Jakarta, MINA – Ketua Umum Komisi Nasional (Komnas) Pengendalian Tembakau, Prijo Sidipratomo mengatakan, ajakan merokok tidak dapat meyelamatkan Badan Penyelenggaraan Jaminan Sosial (BPJS) Kesehatan justru akan menambah beban BPJS itu.

“Ajakan merokok bukannya akan menyelamatkan BPJS, sebaliknya justru akan menambah beban BPJS karena tingginya klaim kesehatan penyakit akibat konsumsi rokok,” katanya dalam siaran tertulis yang diterima kantor berita MINA, Senin (24/9).

Ia menambahkan, ajakan merokok sama sekali bukan tindakan yang heroik, namun sebaliknya, justru hanya akan menguntungkan industri rokok belaka, yang seharusnya menjadi pihak yang paling bertanggung jawab atas beban yang ditanggung bangsa Indonesia akibat konsumsi rokok.

“Komnas Pengendalian Tembakau juga mengecam sekeras-kerasnya kepada siapa pun, pribadi maupun instansi/lembaga/kelompok yang melakukan kampanye ajakan merokok dengan dalih untuk menyelamatkan BPJS kesehatan,” ujarnya.

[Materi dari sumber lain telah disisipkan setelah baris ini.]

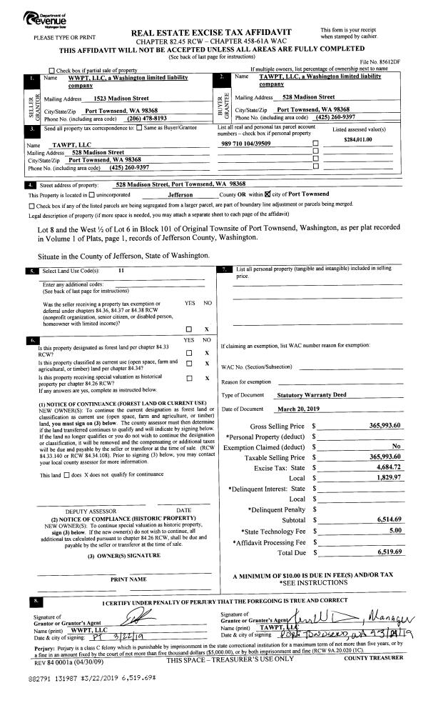 | 1 | 03/20/2019 | SWD | Statutory Warranty Deed | WWPT LLC | TAWPT LLC | | | $365,994.00 | 131987 | |
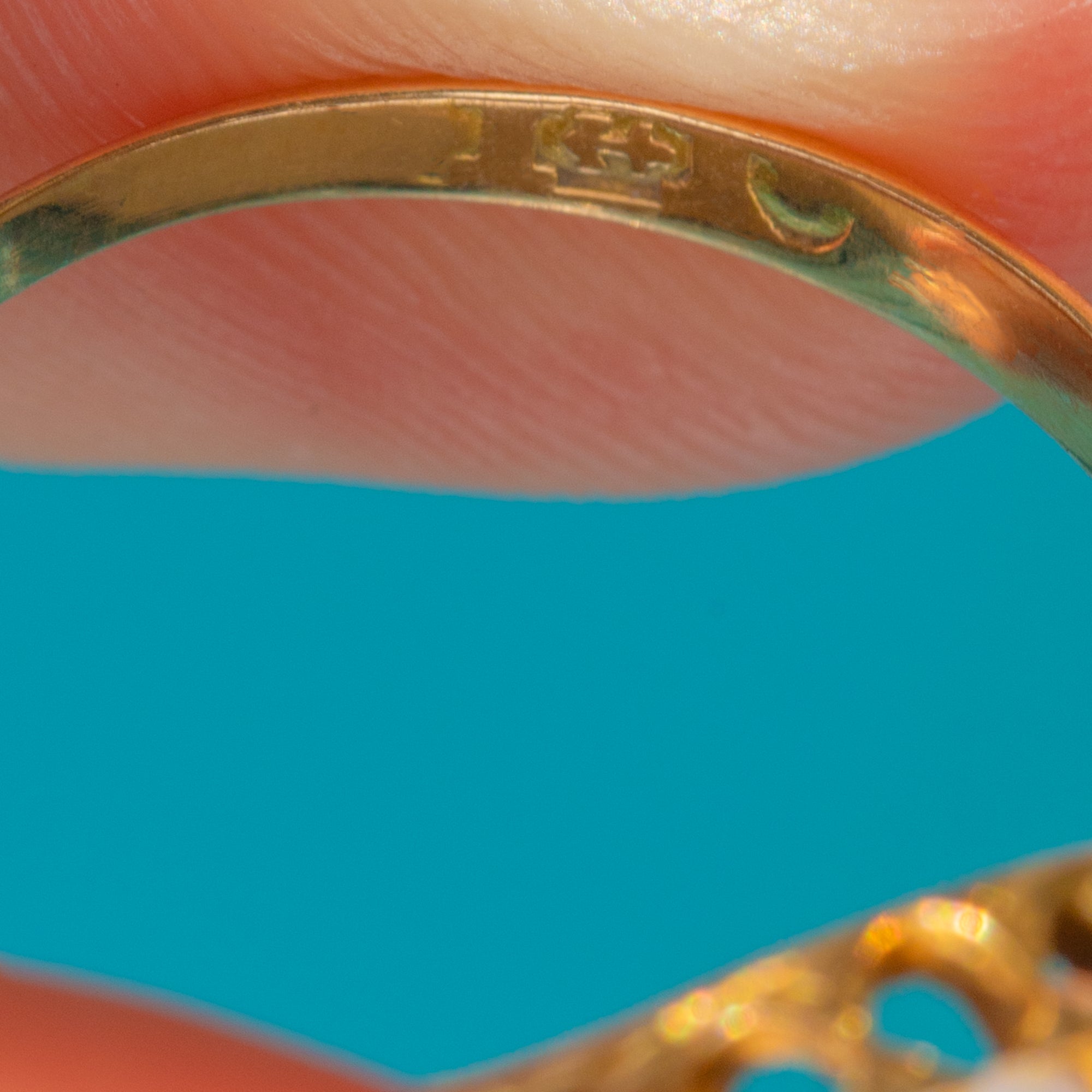EXCELLENT: Each gemstone is radiant, with no visible chips or scratches present. They are set securely within their 18ct Gold settings, and the ring's shoulder engravings have remained crisp. With little else to note, this cluster ring can be worn with utmost confidence.

Pernyataan ini untuk menanggapi Peraturan Presiden yang dikeluarkan pada Senin (17/9) lalu yaitu No. 28 Tahun 2018 tentang Jaminan Kesehatan. Salah satu yang menjadi pusat perhatian masyarakat adalah digunakannya dana pajak rokok daerah untuk menambah dana JKN (Jaminan Kesehatan Nasional).

Apa yang tertulis di dalam Perpres 82/2018 menunjukkan bahwa pemerintah membuat keputusan yang akan membuat Indonesia terus menerus dibebani pembiayaan untuk penyelesaian masalah kesehatan di hilir dengan memerintahkan semua daerah menyerahkan dana promotif-preventifnya tanpa batasan waktu sementara.

Terkait ini, Komnas Pengendalian Tembakau merekomendasikan agar pemerintah, dalam hal ini Kementerian Keuangan RI untuk mengeluarkan Putusan Menteri Keuangan (PMK) sebagai aturan pelaksanaan dengan menyebutkan batasan waktu yaitu sampai masalah defisit BPJS Kesehatan terselesaikan.

Selain itu, pemerintah juga harus menaikkan harga rokok melalui cukai sebagai win-win solution.  Dengan menaikkan cukai rokok, pemerintah akan mendapat dana tambahan untuk mensubsidi peserta Penerima Bantuan Iuran (PBI) yang juga berkontribusi terhadap beban JKN namun juga sebagai upaya preventif dalam masalah kesehatan yang selama ini menghantui BPJS Kesehatan.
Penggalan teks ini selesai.